- INFORMATION PROVIDED
• • • •
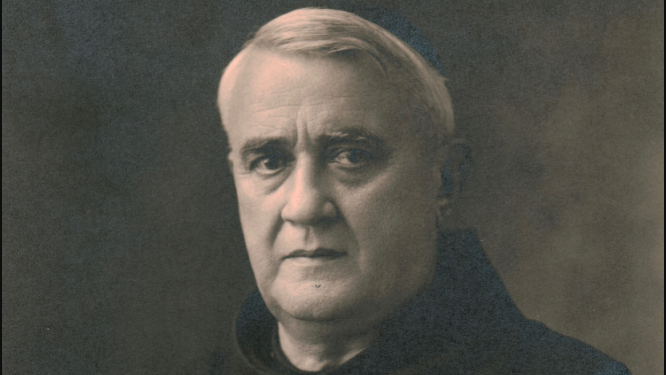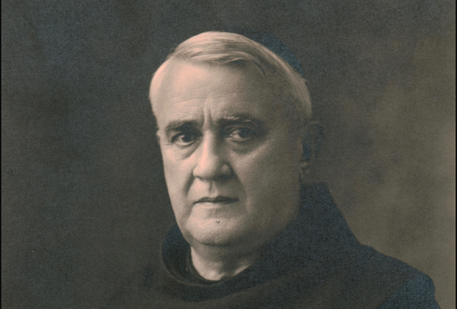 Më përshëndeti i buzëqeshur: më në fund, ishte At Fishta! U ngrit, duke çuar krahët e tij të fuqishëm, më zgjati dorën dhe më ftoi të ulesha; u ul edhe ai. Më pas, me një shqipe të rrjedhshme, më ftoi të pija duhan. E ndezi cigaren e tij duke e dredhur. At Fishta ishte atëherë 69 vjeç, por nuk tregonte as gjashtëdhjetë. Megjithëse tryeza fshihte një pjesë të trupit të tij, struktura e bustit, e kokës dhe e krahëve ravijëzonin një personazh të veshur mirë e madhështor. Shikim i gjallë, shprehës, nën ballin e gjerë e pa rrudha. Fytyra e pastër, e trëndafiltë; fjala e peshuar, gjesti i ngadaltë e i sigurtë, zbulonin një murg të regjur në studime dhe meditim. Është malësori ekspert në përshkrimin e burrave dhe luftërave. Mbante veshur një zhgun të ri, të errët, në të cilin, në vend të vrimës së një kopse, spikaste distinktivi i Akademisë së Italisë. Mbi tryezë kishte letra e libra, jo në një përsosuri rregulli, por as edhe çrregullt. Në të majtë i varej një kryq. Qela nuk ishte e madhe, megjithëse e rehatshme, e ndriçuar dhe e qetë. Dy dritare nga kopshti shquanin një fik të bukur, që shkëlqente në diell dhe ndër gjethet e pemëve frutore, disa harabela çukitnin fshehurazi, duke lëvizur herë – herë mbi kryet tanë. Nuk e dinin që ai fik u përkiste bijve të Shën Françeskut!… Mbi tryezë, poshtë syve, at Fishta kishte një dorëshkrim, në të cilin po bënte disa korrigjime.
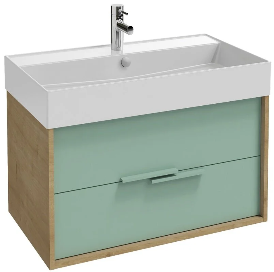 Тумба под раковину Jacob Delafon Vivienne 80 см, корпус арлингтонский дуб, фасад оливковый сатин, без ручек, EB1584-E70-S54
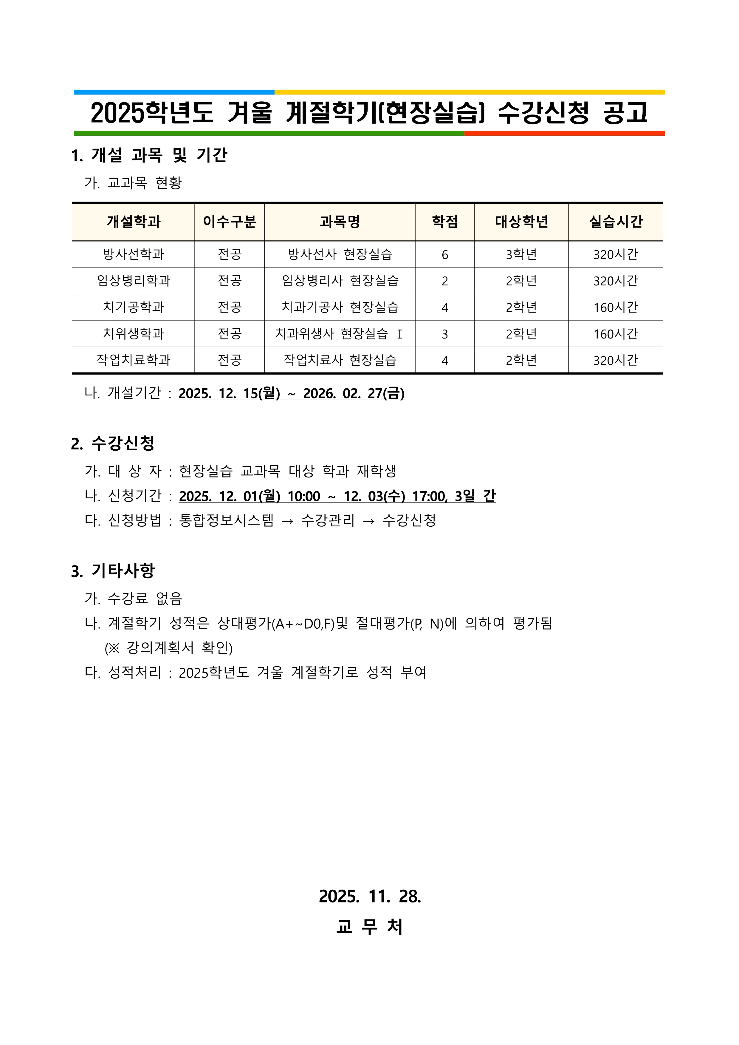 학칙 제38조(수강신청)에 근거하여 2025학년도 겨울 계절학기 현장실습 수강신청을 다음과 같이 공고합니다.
• • • •
- TASK REQUIREMENTS
Could you set down the data exactly as given, minus its pictures?

- ANSWER TO THIS TASK
 Më përshëndeti i buzëqeshur: më në fund, ishte At Fishta! U ngrit, duke çuar krahët e tij të fuqishëm, më zgjati dorën dhe më ftoi të ulesha; u ul edhe ai. Më pas, me një shqipe të rrjedhshme, më ftoi të pija duhan. E ndezi cigaren e tij duke e dredhur. At Fishta ishte atëherë 69 vjeç, por nuk tregonte as gjashtëdhjetë. Megjithëse tryeza fshihte një pjesë të trupit të tij, struktura e bustit, e kokës dhe e krahëve ravijëzonin një personazh të veshur mirë e madhështor. Shikim i gjallë, shprehës, nën ballin e gjerë e pa rrudha. Fytyra e pastër, e trëndafiltë; fjala e peshuar, gjesti i ngadaltë e i sigurtë, zbulonin një murg të regjur në studime dhe meditim. Është malësori ekspert në përshkrimin e burrave dhe luftërave. Mbante veshur një zhgun të ri, të errët, në të cilin, në vend të vrimës së një kopse, spikaste distinktivi i Akademisë së Italisë. Mbi tryezë kishte letra e libra, jo në një përsosuri rregulli, por as edhe çrregullt. Në të majtë i varej një kryq. Qela nuk ishte e madhe, megjithëse e rehatshme, e ndriçuar dhe e qetë. Dy dritare nga kopshti shquanin një fik të bukur, që shkëlqente në diell dhe ndër gjethet e pemëve frutore, disa harabela çukitnin fshehurazi, duke lëvizur herë – herë mbi kryet tanë. Nuk e dinin që ai fik u përkiste bijve të Shën Françeskut!… Mbi tryezë, poshtë syve, at Fishta kishte një dorëshkrim, në të cilin po bënte disa korrigjime.
 Тумба под раковину Jacob Delafon Vivienne 80 см, корпус арлингтонский дуб, фасад оливковый сатин, без ручек, EB1584-E70-S54
 학칙 제38조(수강신청)에 근거하여 2025학년도 겨울 계절학기 현장실습 수강신청을 다음과 같이 공고합니다.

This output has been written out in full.